▶ WHAT TO PRODUCE
Starting at the top of the entries below, write out each line up to and including the one containing "Diamond Weave Dress". Leave the pictures out.

▶ RECORDS FOR PROCESSING
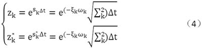求解得到的根為傳遞函數(shù)的極點,他們與系統(tǒng)的模態(tài)頻率ωk和阻尼比的關(guān)系為:
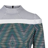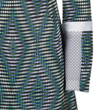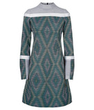 Diamond Weave Dress is a long sleeved a-line dress. The garment falls above knee in length, created using a green dotted fabric and accented with white satin woven.
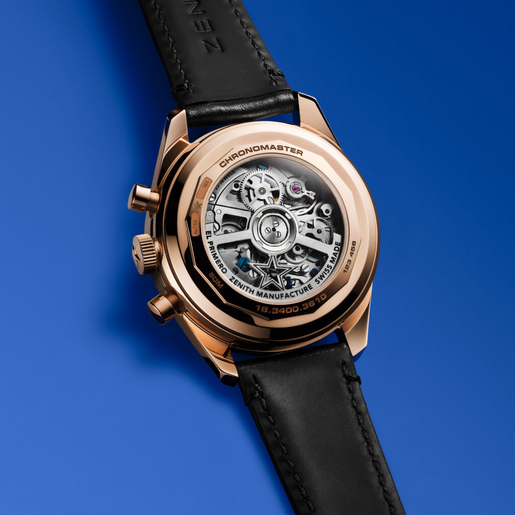The CHRONOMASTER Original Triple Calendar is powered by the automatic El Primero 3610 calibre. This modern variant of the legendary ZENITH chronograph allows for a true 1/10th of a second function. Its steps precisely mark 1/10th of a second against the graduations on the chapter ring: to take full advantage of its 5Hz frequency, its chronograph seconds hand completes one revolution of the dial in 10 seconds, instead of the traditional 60 seconds. Despite the addition of the complete calendar mechanism, the power reserve is 60 hours. The movement’s integrated architecture is visible through the sapphire display case back, revealing a blue column wheel and an open rotor with the ZENITH five-pointed star.
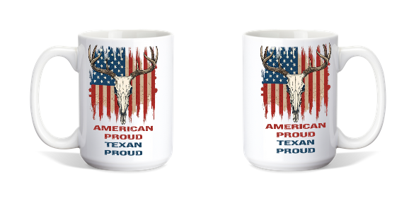 Both sides of coffee mug have a skull against an American Flag with the words, "American Pride, Texan Pride"..
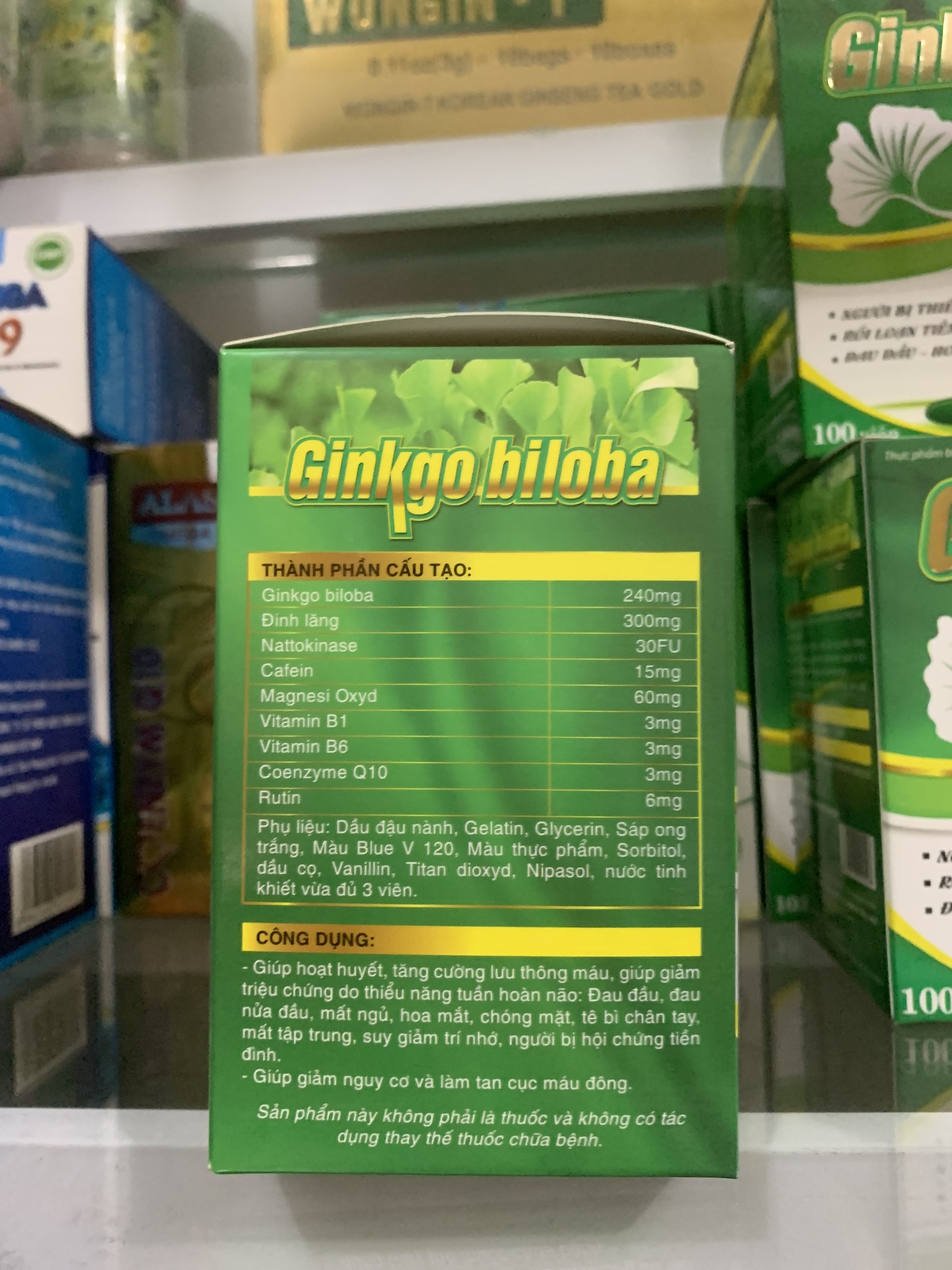 2. Thành phần cấu tạo: Đinh lăng 300mg, Ginkgo Biloba 240mg, Magnesium Oxide 60mg, Cafein 1
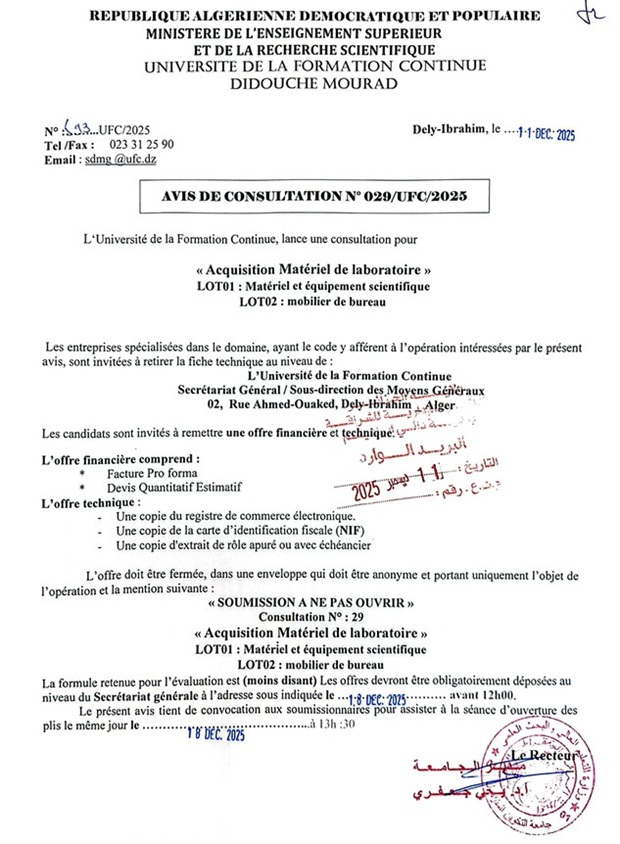 استشارة خاصة بالتأمين على المباني و حظيرة السيارات التابعة لجامعة التكوين المتواصل لسنة 2026
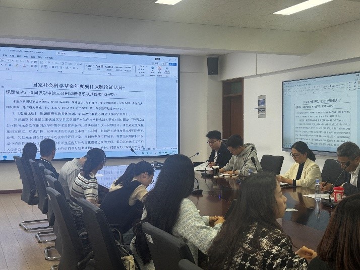 活动伊始,刘强介绍了本次论坛的主题与意义,鼓励青年教师积极参与国家社科基金等高层次项目申报。随后,三位主讲人围绕自身申报经历与项目亮点进行了深入阐述。首先,静柏良博士以“俄国汉学中的元杂剧译释谱系及其经典化研究”为题,系统梳理了自20世纪以来俄国汉学界元杂剧译介、经典化路径及学术影响力。他结合自身科研及项目经历,分析了元杂剧译本在俄国文学中的传播机制,探讨了译作在跨学科与国际传播中的学术价值,强调了资料系统梳理与创新表达的重要性。接着,王婉婉博士以“历史社会语言学视域下的俄语汉源词输入与嬗变研究”为主题,聚焦俄语汉源词输入的机制与历史变迁。她立足于语料数据与社会文化互动,深入探讨了汉源词在俄语中的接受与分布逻辑,提出了对异质语言接触现象的独到见解。最后,赵红艳博士结合自身2026年国社科申报书,从“申报书选题创新”“理论与方法设计”到“论证版块优化”等环节,详细讲述了自己的思考路径。她强调了学术语篇中跨语言行为的功能分层及结构特点,梳理了高水平申报书写作过程中的重点与难点。

▶ YOUR SOLUTION
求解得到的根為傳遞函數(shù)的極點,他們與系統(tǒng)的模態(tài)頻率ωk和阻尼比的關(guān)系為:
 Diamond Weave Dress is a long sleeved a-line dress. The garment falls above knee in length, created using a green dotted fabric and accented with white satin woven.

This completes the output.